バイナリの結果といくつかの共変量のデータがあります。ロジスティック回帰を使用してデータをモデル化しました。単純な分析だけで、異常なことは何もありません。最終出力は、特定の共変量に対して確率がどのように変化するかを示す用量反応曲線であると想定されています。このようなもの:
ロジスティック回帰を選択したことについて、(純粋な統計家ではなく)内部のレビューアからいくつかの批判を受けました。ロジスティック回帰は、確率スケールでのS字型曲線の変曲点が確率0.5であると想定(または定義)します。彼は、変曲点が確かに確率0.5であると仮定する理由はないと主張し、実際の位置がデータに基づくように変曲点を変化させることができる別の回帰モデルを選択する必要があります。
私はこの点について考えたことがないので、最初は彼の議論に油断しました。変曲点が0.5であると仮定することが正当化される理由について、私は何の議論もしませんでした。いくつかの調査を行った後、私はまだこの質問に対する答えがありません。
変曲点が追加のパラメーターである5パラメーターロジスティック回帰に出くわしましたが、この回帰モデルは通常、連続的な結果を伴う用量反応曲線を作成するときに使用されているようです。バイナリ応答変数に拡張できるかどうか、またどのように拡張できるかはわかりません。
私の主な質問は、ロジスティック回帰の変曲点が0.5であると仮定してよいのはなぜですか?それも重要ですか?ロジスティック回帰モデルをフィッティングして、変曲点の問題を明確に議論する人を見たことがありません。変曲点が必ずしも0.5とは限らない線量応答曲線を作成するための代替手段はありますか?
完全を期すために、上の図を生成するためのRコード:
dat <- read.csv("http://www.ats.ucla.edu/stat/data/binary.csv")
dat$rank <- factor(dat$rank)
logit <- glm(admit ~ gre + gpa + rank, family = binomial(link = "logit"), data = dat)
newdata <- data.frame(gre = seq(-2000,8000,1), gpa = 2.5, rank = factor(1,c(1,2,3,4)))
pp <- predict(logit, newdata, type = "response", se.fit = TRUE)

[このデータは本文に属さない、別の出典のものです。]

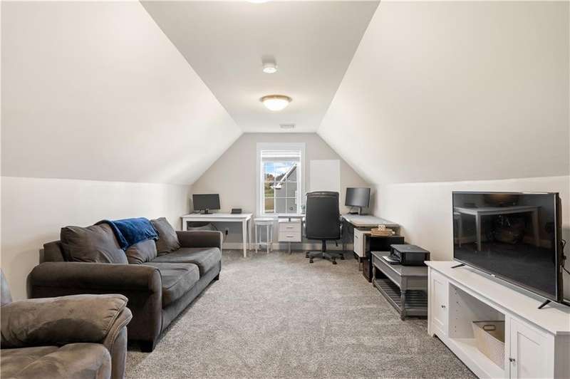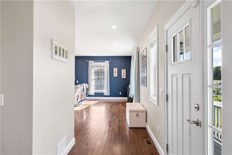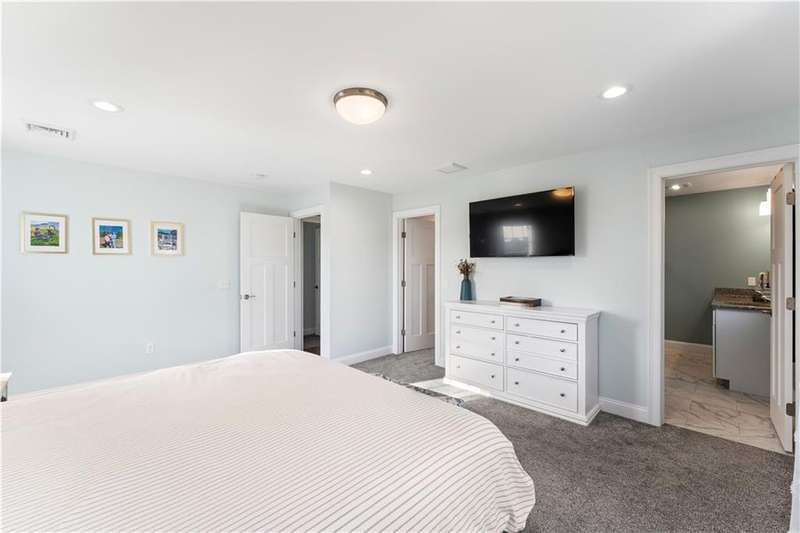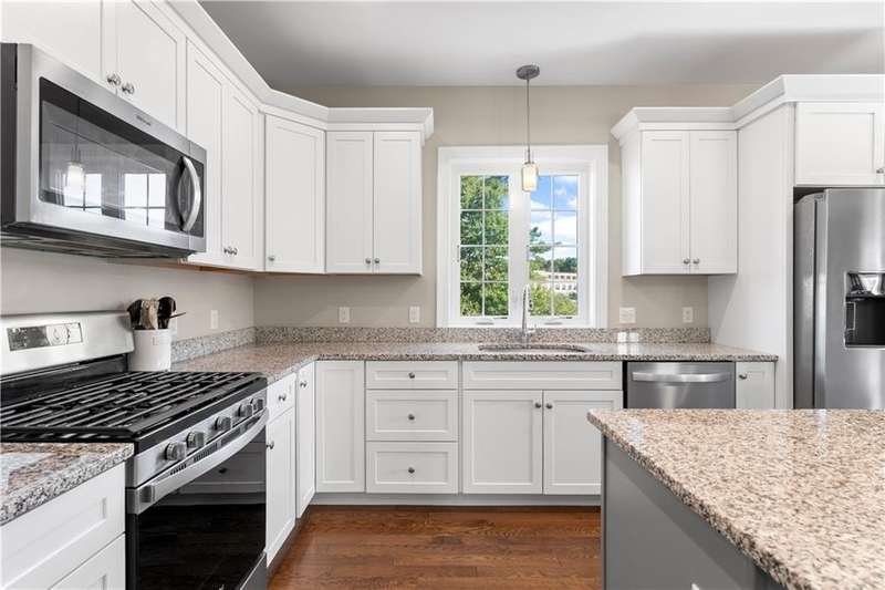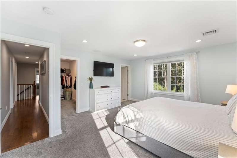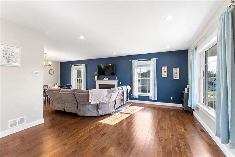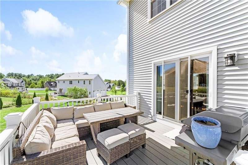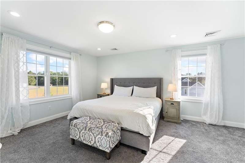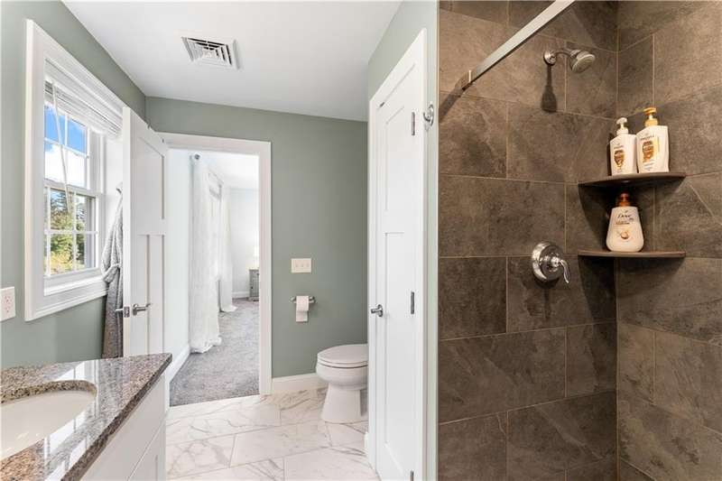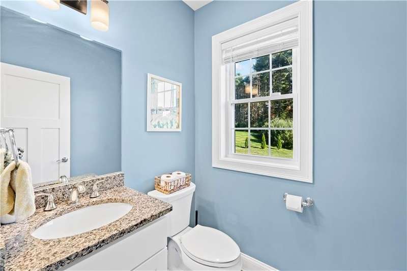 Located in Burrillville, right near Crystal Lake Golf Club, Steere Farm Estates was built to combine serene natural surroundings and tasteful modern living. This 3-bedroom, 2.5-bath home on a picturesque landscape, tended by built-in irrigation, begins with a covered front porch with low-maintenance composite decking. Step into the main level with hardwood floors throughout. A gas fireplace, picture window, and large sliders add pleasing light to the living area, dining area, and kitchen. A pantry closet, shaker cabinets, stainless appliances, stone counters, and a center island for informal dining add style and function. The railed rear deck lends more room to entertain with steps down to the sizable backyard and built-in fire pit. A mudroom, access to the attached 2-car garage, and a half bath complete the 1st floor. Upstairs, the owner’s suite has a walk-in closet and private bath with a dual-sink vanity and step-in shower. The remaining bedrooms sit near a convenient laundry room, dual-sink hall bath, and finished bonus space. The walkout basement is ready to be finished to suit your needs, while central A/C ensures comfort throughout this modern stunner. Discover Northern RI’s pristine lakes and protected forest areas for hiking, fishing, and swimming. Restaurants and the Assembly Theatre are nearby, along with local farms for fresh produce. The home is also less than 20 minutes from Bryant University.

plot(newdata$gre, pp$fit, type="l", col="black", lwd=2,ylab="Probability", xlab="Dose")
編集1:
Scortchiがコメントの1つで言ったことに追加するだけです。レビューアは確かに生物学的には曲率の変化が0.5よりも早く発生する可能性が高いと主張しました。したがって、変曲点が0.5であると仮定することに対する彼の抵抗。
編集2:
フランク・ハレルのコメントへの反応として:
例として、2次項と3次項を含むように上記のモデルを変更しましたgre
(この例では「線量」です)。
logit <- glm(admit ~ gre+I(gre^2)+I(gre^3)+ gpa + rank, family = binomial(link = "logit"), data = dat)
newdata <- data.frame(admit=1, gre = seq(-2000,8000,1), gpa = 2.5, rank = factor(1,c(1,2,3,4)))
pp <- predict(logit, newdata, type = "response", se.fit = TRUE)
plot(newdata$gre, pp$fit, type="l", col="black", lwd=2,xlim=c(-2000,4000),ylab="Probability", xlab="Dose")
gre
この場合、2次および3次の項を追加することはおそらく意味がないという事実にもかかわらず、用量反応曲線の形が変化していることがわかります。実際、約0.25と0.7付近に2つの変曲点があります。